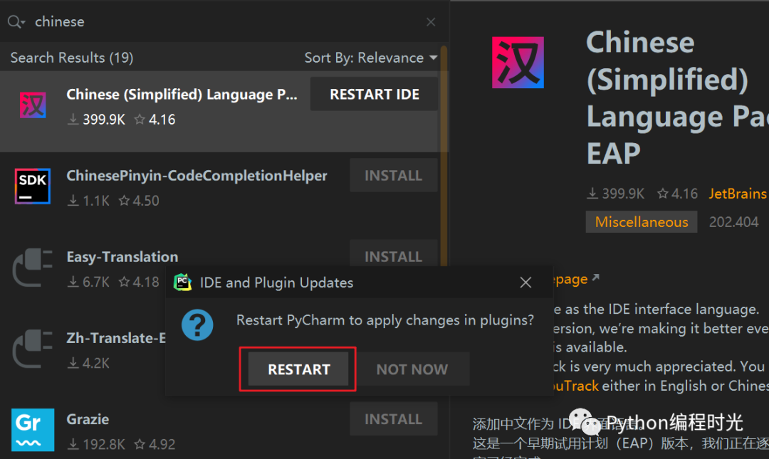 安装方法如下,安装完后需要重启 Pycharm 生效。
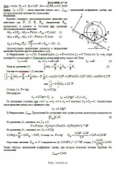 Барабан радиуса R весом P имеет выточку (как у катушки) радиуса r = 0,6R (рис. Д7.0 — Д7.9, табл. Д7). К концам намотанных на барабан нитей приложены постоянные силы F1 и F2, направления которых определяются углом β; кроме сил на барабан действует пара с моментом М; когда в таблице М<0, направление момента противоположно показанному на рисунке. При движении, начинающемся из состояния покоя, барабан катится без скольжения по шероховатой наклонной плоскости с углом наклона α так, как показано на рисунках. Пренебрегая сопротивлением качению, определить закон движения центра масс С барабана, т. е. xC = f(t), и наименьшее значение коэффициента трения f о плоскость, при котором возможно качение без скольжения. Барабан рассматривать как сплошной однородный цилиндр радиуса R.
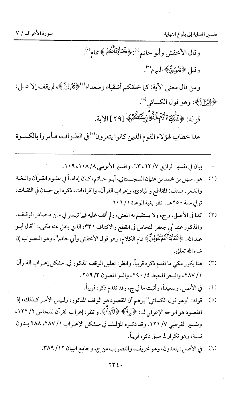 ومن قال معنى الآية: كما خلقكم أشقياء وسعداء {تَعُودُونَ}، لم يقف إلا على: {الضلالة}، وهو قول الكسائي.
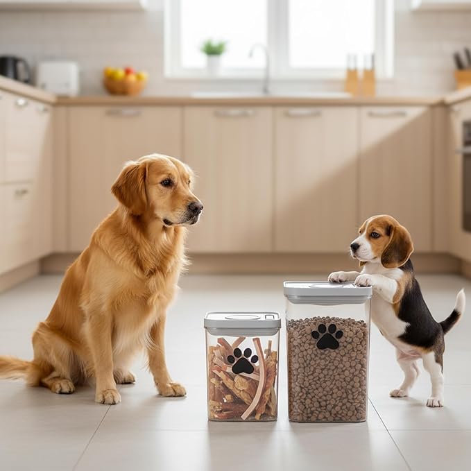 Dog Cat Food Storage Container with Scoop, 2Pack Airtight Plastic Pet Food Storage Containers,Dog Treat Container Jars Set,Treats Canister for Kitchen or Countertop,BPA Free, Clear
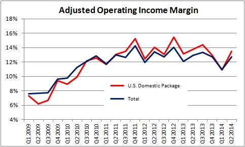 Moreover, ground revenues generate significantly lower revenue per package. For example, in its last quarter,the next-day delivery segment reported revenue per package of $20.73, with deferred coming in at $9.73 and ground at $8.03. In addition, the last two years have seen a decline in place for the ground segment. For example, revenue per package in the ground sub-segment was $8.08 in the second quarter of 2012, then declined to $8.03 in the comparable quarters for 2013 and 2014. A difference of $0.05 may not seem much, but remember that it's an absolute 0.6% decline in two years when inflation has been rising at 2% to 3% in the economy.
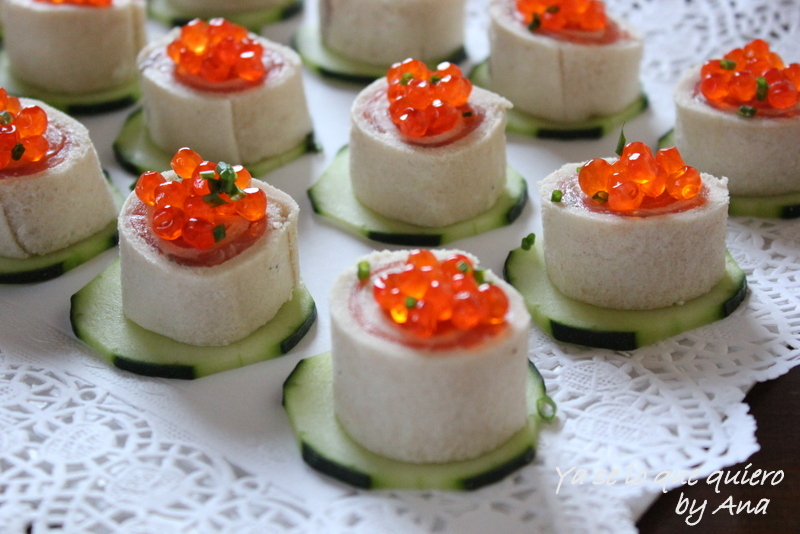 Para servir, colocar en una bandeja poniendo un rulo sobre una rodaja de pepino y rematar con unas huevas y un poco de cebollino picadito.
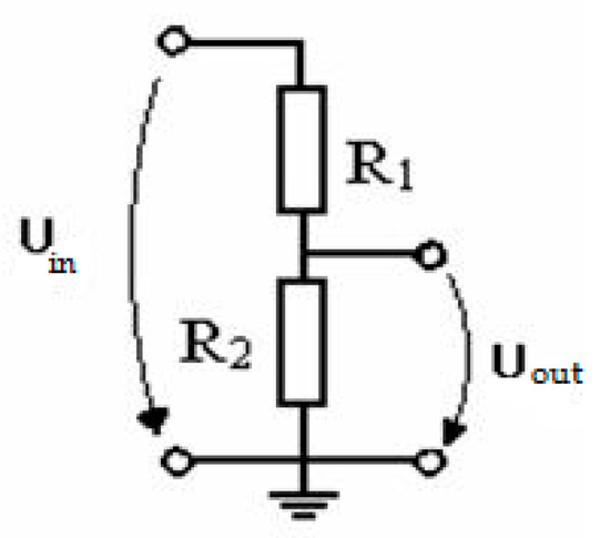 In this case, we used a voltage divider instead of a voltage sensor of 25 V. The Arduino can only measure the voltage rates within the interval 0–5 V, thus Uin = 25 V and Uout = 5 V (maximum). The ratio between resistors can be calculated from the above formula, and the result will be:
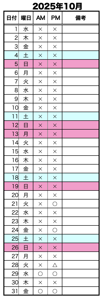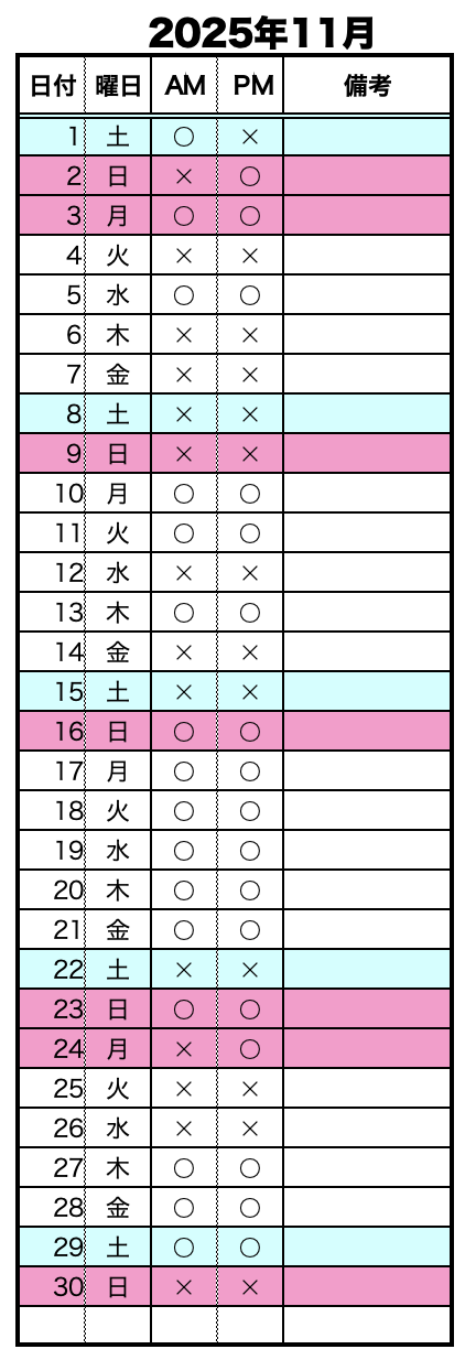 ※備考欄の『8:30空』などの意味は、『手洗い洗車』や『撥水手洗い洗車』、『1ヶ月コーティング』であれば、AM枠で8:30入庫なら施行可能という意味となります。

========

* **DESCRIPTION OF THE TASK**
Output the line that contains "Para servir, colocar" and every line after it to the end of the records, word for word, leaving out the pictures.

* **YOUR SOLUTION**
 Para servir, colocar en una bandeja poniendo un rulo sobre una rodaja de pepino y rematar con unas huevas y un poco de cebollino picadito.
 In this case, we used a voltage divider instead of a voltage sensor of 25 V. The Arduino can only measure the voltage rates within the interval 0–5 V, thus Uin = 25 V and Uout = 5 V (maximum). The ratio between resistors can be calculated from the above formula, and the result will be:
 ※備考欄の『8:30空』などの意味は、『手洗い洗車』や『撥水手洗い洗車』、『1ヶ月コーティング』であれば、AM枠で8:30入庫なら施行可能という意味となります。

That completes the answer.